SCOM performance has been one of the top user voice items over the years. It directly impacts the way our customers interact with SCOM including web console and operations console.
This blog aims to highlight specific user scenarios which we’ve addressed in SCOM 2019 release and also the ones we intend to address in subsequent SCOM releases. Such user scenarios have been highlighted by our customers which is reflected in the SCOM performance issues that our customer support team resolves frequently.
In SCOM 2019, here are some of the scenarios that have been fixed:
1. Windows computer view in SCOM console:
A few of our customers gave us the feedback that opening the Windows computer view in the SCOM console took an unreasonable amount of time. As an example, one of our customers with 1600+ windows computers reported this issue. About 1400 servers and 50 clients (engineers) were affected because of this issue. While on an average, it took about 8-10 minutes for this view to load, in the extreme cases it took more than 20 minutes.
Given our customers are dependent on SCOM to provide timely information including but not limited to alerts, health and performance metrics of their applications and workloads, the performance of SCOM console is critical for customers’ monitoring experience. To decrease the load time for this view, we optimized the SQL query relevant to this view.
2. Changing the settings of a User Role
One of our customer had an environment with a lot of user roles, views, classes and relationship types in the database. The customer reached out to System Center team and explained that on an average, changing the settings of a user role, for instance, providing or revoking permissions on specific views or dashboards to a specific user role, took about 30minutes.
Further research suggested that many other SCOM customers with similar environment also experience similar problem. In fact, many customers concurred that changing setting of, say, 15-20 user roles took an entire day that impacted their productivity and ability to use SCOM console effectively. At a high level, the SQL queries that fetched relevant data and eventually helped change the settings of a user role was optimized. This optimization led to significant improvements in the load time for our customers.
3. Grooming of Maintenance Mode Staging Table
Our customer support team received a case from our customer that SCOM Operations Manager Datawarehouse grooming (emptying) of maintenance mode staging table was not occurring. This essentially meant that the table grew every day into millions of rows which eventually filled up the database that could potentially lead to additional cost to the customer to spin up a new database.
Furthermore, the increase in utilization of database is usually correlated with decrease in performance of SCOM console. To fix this issue we added an index to the maintenance mode stable table. This ensured that proper grooming of the table happened.
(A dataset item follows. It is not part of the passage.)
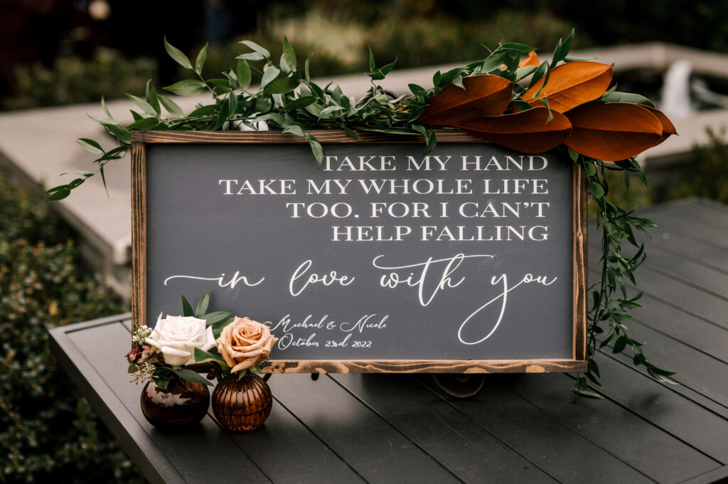 “We also hid miniature dog figurines that were a replica of our dog Quinn around the venue along with a sign letting our guests know since our dog couldn’t be in attendance to have fun looking for her,” says Nicole.

4. SDK service not starting and severe perf degradation leading to SCOM console not loading
While the technical details of the above mentioned issues are beyond the scope of this blog, suffice to say that a couple of SQL queries running in the backend were causing the above mentioned issues. In fact, a few our customers mentioned that they faced severe performance degradation since they upgraded from SCOM 1807 to 2019. The SCOM console took a long time to load and when it did even the basic tasks such as adding a management server to management group couldn’t be completed. To fix this issue, we optimized the SQL queries relevant to these issues which lead to significant performance improvement.
5. Reliability and performance improvement in XPlat agent
Prior to 2019, monitoring data related to health and performance were fetched through requests running in the same thread in the back end. Due to this design, any flaws in the perf channel affected the heartbeat requests and vice versa. This often led to system going into greyed out state.
In 2019, we isolated heartbeat threads from performance data related threads which meant that any malfunctioning in performance providers would not affect heartbeat request, thereby improving reliability of SCOM.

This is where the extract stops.